Lower down are entries containing pictures. Copy exactly, without those pictures, the lines from the line with "4. Include explanations" through the line with "다초어 동결건조 애완고양이".

**Records to process**
****************************************

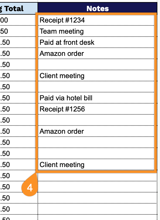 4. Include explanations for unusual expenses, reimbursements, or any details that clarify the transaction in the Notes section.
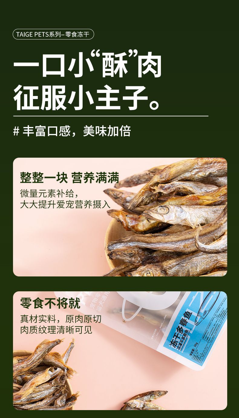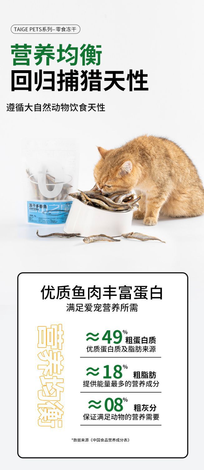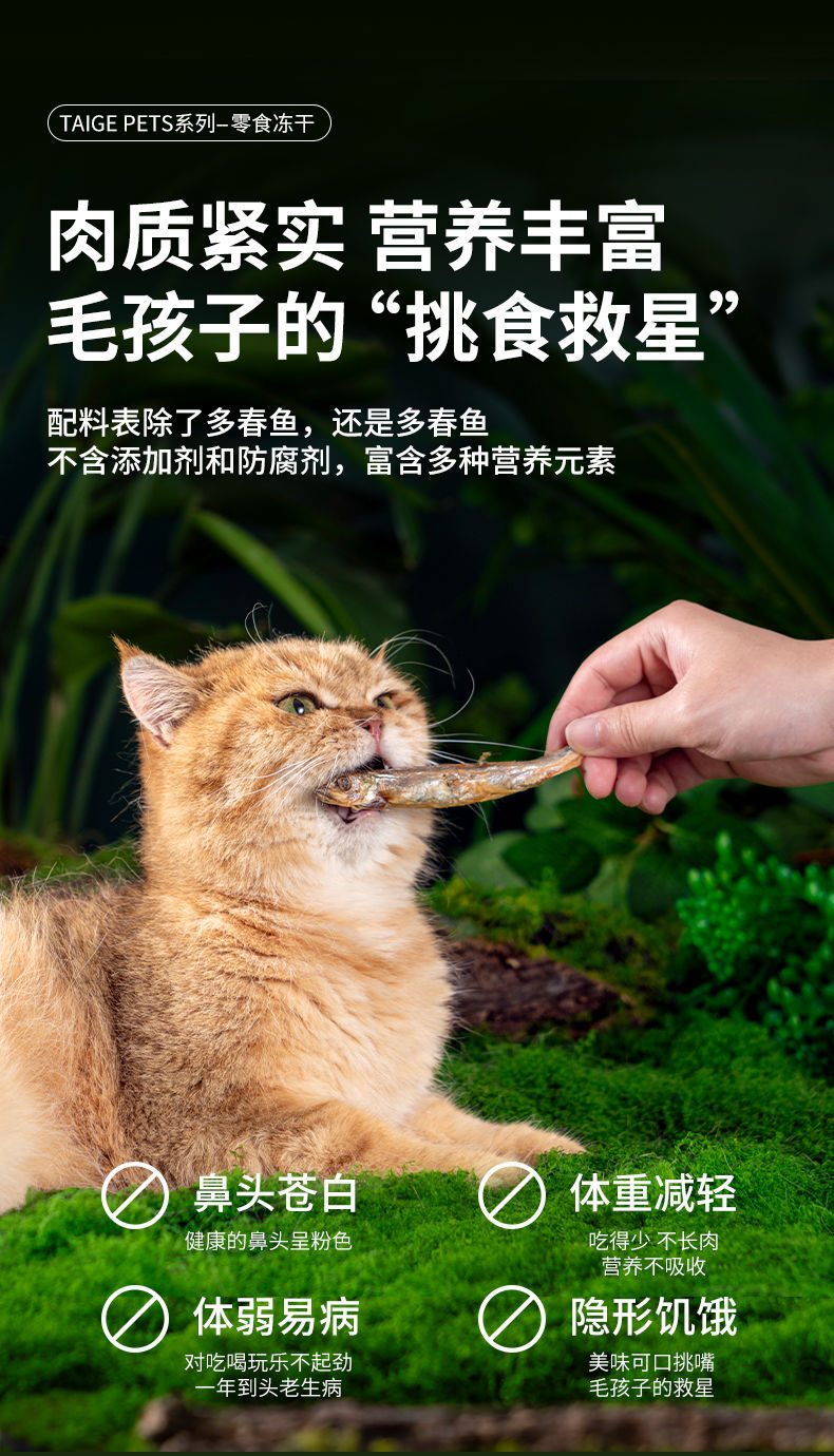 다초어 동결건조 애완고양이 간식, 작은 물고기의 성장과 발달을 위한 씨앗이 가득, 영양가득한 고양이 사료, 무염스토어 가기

****************************************

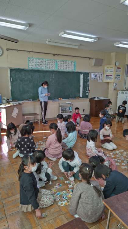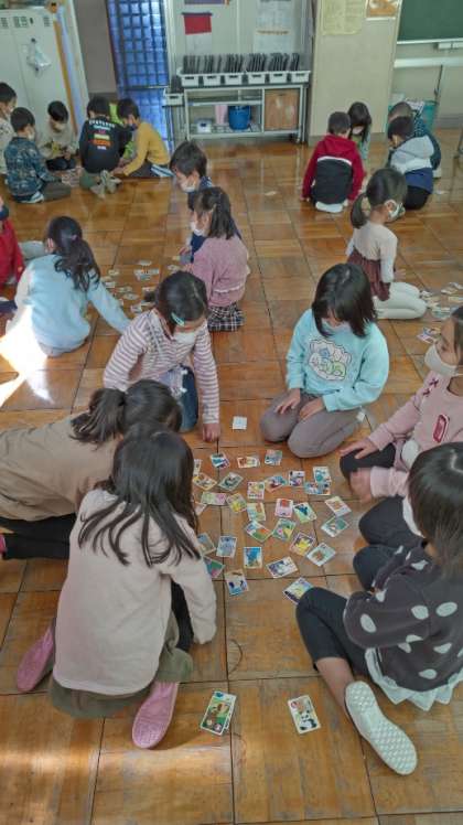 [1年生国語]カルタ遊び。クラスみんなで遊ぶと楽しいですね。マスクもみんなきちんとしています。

****************************************

**Written response**
 4. Include explanations for unusual expenses, reimbursements, or any details that clarify the transaction in the Notes section.
 다초어 동결건조 애완고양이 간식, 작은 물고기의 성장과 발달을 위한 씨앗이 가득, 영양가득한 고양이 사료, 무염스토어 가기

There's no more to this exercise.